SUPPLIED INFORMATION ::

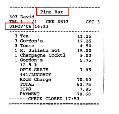 Nous avons même le ticket de caisse de ça commande au bar le jour même.
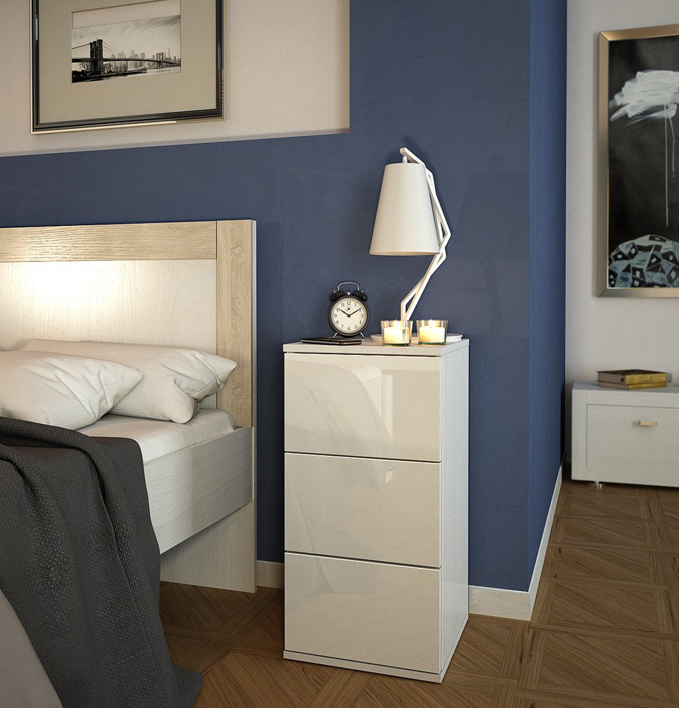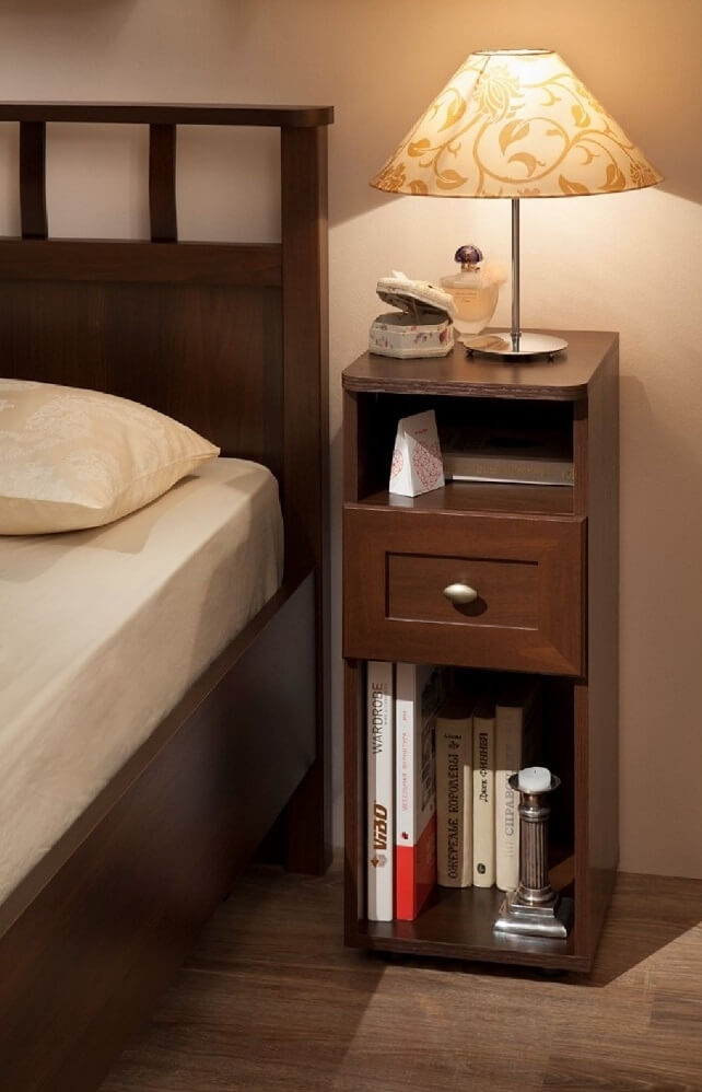 - Fast access. Bedside cabinets serve as a place to accommodate many essential items. Agree, it is much more convenient to reach in the morning to the alarm clock on the cabinet than to get up and turn it off in another room.
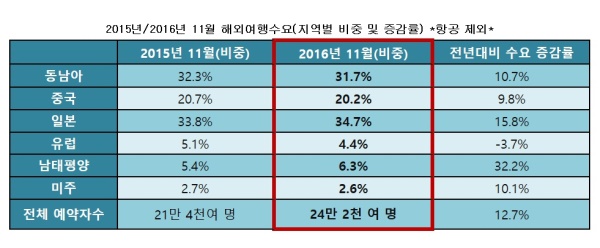 이미지 확대보기지역별 비중은 일본(34.7%) > 동남아(31.7%) > 중국(20.2%) > 남태평양(6.3%) > 유럽(4.4%)> 미주(2.6%)의 순을 나타냈다. 개별자유여행객에게 지속적인 인기를 끌고 있는 일본은 여전히 가장 큰 비중을 유지하는 모습을 보였으며, 겨울시즌이 다가오면서, 따뜻한 동남아 및 남태평양 휴양지의 수요 증가로 인해 해당 지역 비중의 상승세가 뚜렷하였다. 전년 동월과 비교했을 때는, 유럽을 제외하고는 전 지역 증가세를 보인 가운데 특히, 괌/사이판, 호주 및 뉴질랜드를 중심으로 한 남태평양(▲32.2%) 지역의 증가가 눈에 띄었다. 미주는 하와이가, 중국은 홍콩 및 하이난 지역이 강세를 보였다.
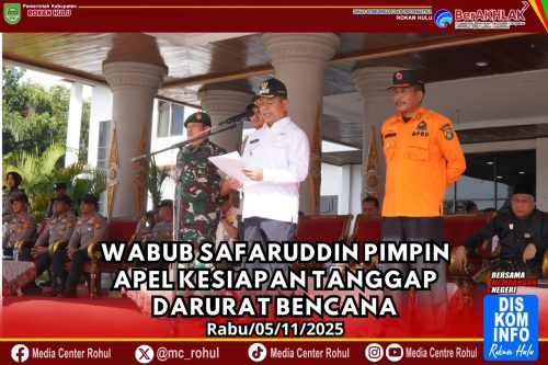 HarianUpdate.com | Rokan Hulu — Pemerintah Kabupaten Rokan Hulu menggelar apel kesiapan tanggap darurat bencana hidrometeorologi di halaman Kantor Bupati Rokan Hulu, Pasir Pengaraian. Apel tersebut dipimpin oleh Wakil Bupati Rokan Hulu H. Syafarudin Poti, SH, MM, dan dihadiri oleh Kapolres Rokan Hulu AKBP Emil Eka Putra, S.IK, MH, unsur Forkopimda, para asisten dan staf ahli Bupati, serta kepala OPD di lingkungan Pemkab Rohul, Rabu (5/11/25).

WHAT YOU WILL DO :: Output verbatim the lines beginning at the line with "이미지 확대보기지역별 비중은" and ending at the last line of the material above, inclusive. Do not carry over any pictures.

FINAL ANSWER ::
 이미지 확대보기지역별 비중은 일본(34.7%) > 동남아(31.7%) > 중국(20.2%) > 남태평양(6.3%) > 유럽(4.4%)> 미주(2.6%)의 순을 나타냈다. 개별자유여행객에게 지속적인 인기를 끌고 있는 일본은 여전히 가장 큰 비중을 유지하는 모습을 보였으며, 겨울시즌이 다가오면서, 따뜻한 동남아 및 남태평양 휴양지의 수요 증가로 인해 해당 지역 비중의 상승세가 뚜렷하였다. 전년 동월과 비교했을 때는, 유럽을 제외하고는 전 지역 증가세를 보인 가운데 특히, 괌/사이판, 호주 및 뉴질랜드를 중심으로 한 남태평양(▲32.2%) 지역의 증가가 눈에 띄었다. 미주는 하와이가, 중국은 홍콩 및 하이난 지역이 강세를 보였다.
 HarianUpdate.com | Rokan Hulu — Pemerintah Kabupaten Rokan Hulu menggelar apel kesiapan tanggap darurat bencana hidrometeorologi di halaman Kantor Bupati Rokan Hulu, Pasir Pengaraian. Apel tersebut dipimpin oleh Wakil Bupati Rokan Hulu H. Syafarudin Poti, SH, MM, dan dihadiri oleh Kapolres Rokan Hulu AKBP Emil Eka Putra, S.IK, MH, unsur Forkopimda, para asisten dan staf ahli Bupati, serta kepala OPD di lingkungan Pemkab Rohul, Rabu (5/11/25).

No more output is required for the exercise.